== DIRECTIONS FOR THIS TASK ==
Your task is to retype, exactly, the line containing "Kande med art" and every later line through the end of the listing, with pictures omitted.

== STORED DATA ==
________________
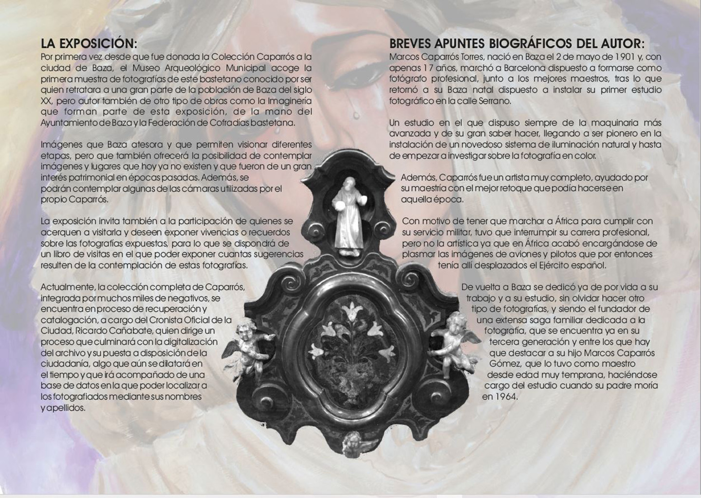 Tal y como se recuerda en el díptico de la exposición, Marcos Caparrós Torres nació en Baza el 2 de mayo de 1901 y, con apenas 17 años, marchó a Barcelona dispuesto a formarse como fotógrafo profesional, junto a los mejores maestros, tras lo que retornó a su Baza natal dispuesto a instalar su primer estudio fotográfico en la calle Serrano. Un estudio en el que dispuso siempre de la maquinaria más avanzada y de su gran saber hacer, llegando a ser pionero en la instalación de un novedoso sistema de iluminación natural y hasta de empezar a investigar sobre la fotografía en color. Caparrós fue además un artista muy completo, ayudado por su maestría con el mejor retoque que podía hacerse en esa época.
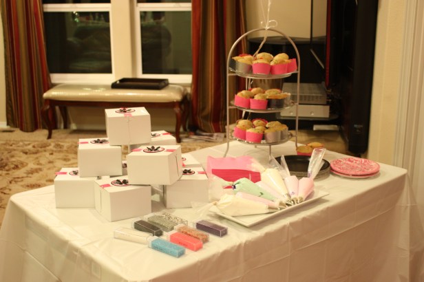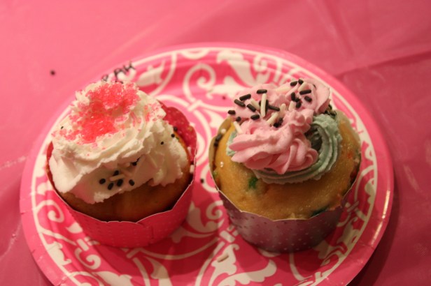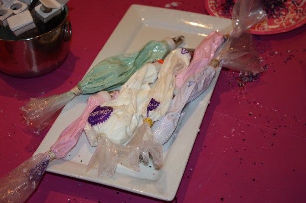 Each girl could choose two cupcaktes- one to decorate and take home (and give to someone or eat themselves, or whatever….) and one to eat.   I baked two boxes of cake mix (using my Demarle Straight Muffin pan which makes cupcakes bigger than standard size) and I made a double-batch of buttercream frosting (using the recipe in the Wilton Cake Decorating handbook).  My sister stopped at the store on here way over and bought a box of clear frosting bags- I was completely out (oops)!  I had just enough “star” tips and couplers to fill 2 bags of each color: white, pink, purple and green.  Well, only one bag of green.
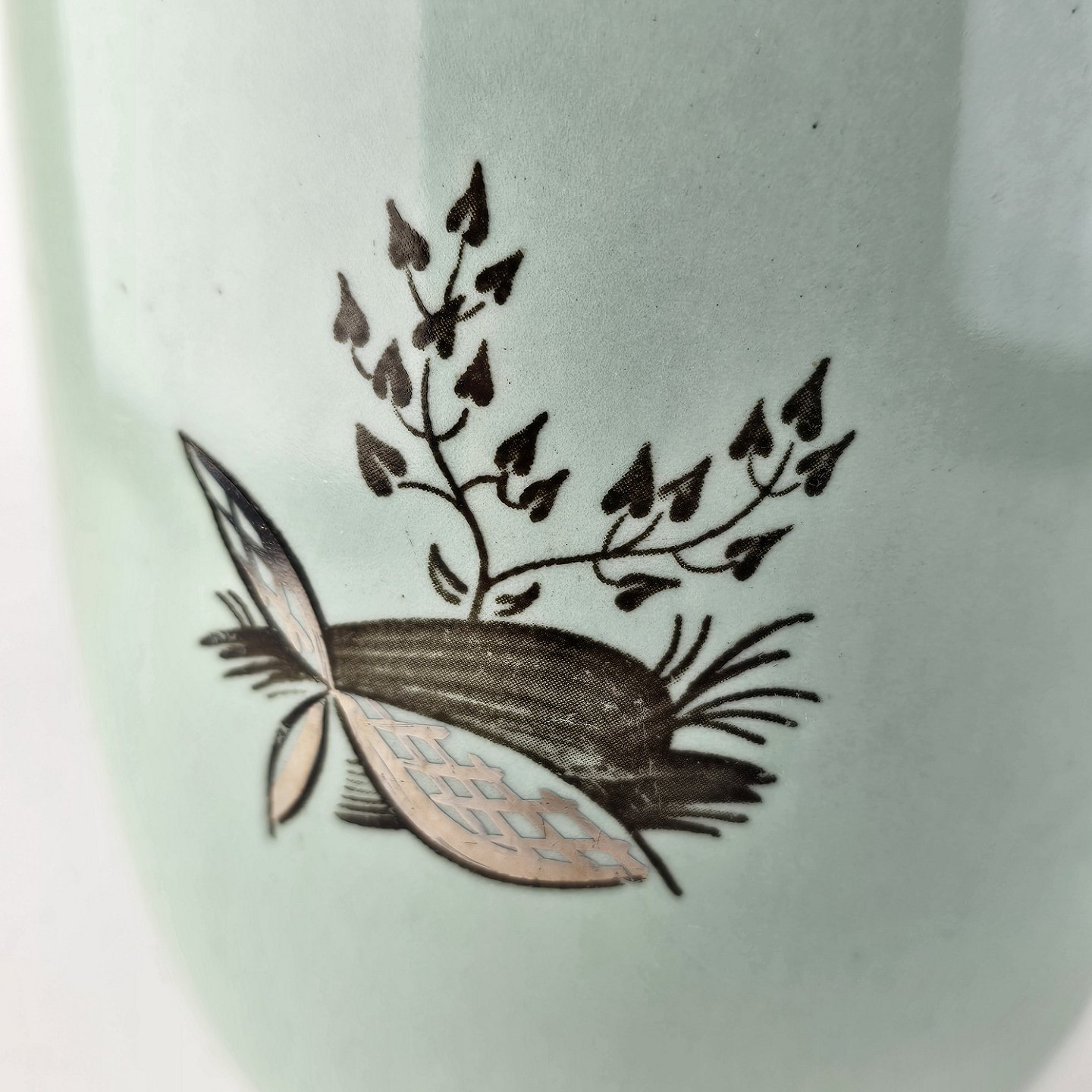 Kande med art nouveau håndtag i fajance fra stellet Saltholm
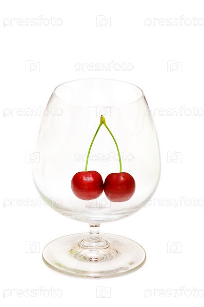 Спелая вишня в бокале на белом фоне
________________
== YOUR SOLUTION ==
 Kande med art nouveau håndtag i fajance fra stellet Saltholm
 Спелая вишня в бокале на белом фоне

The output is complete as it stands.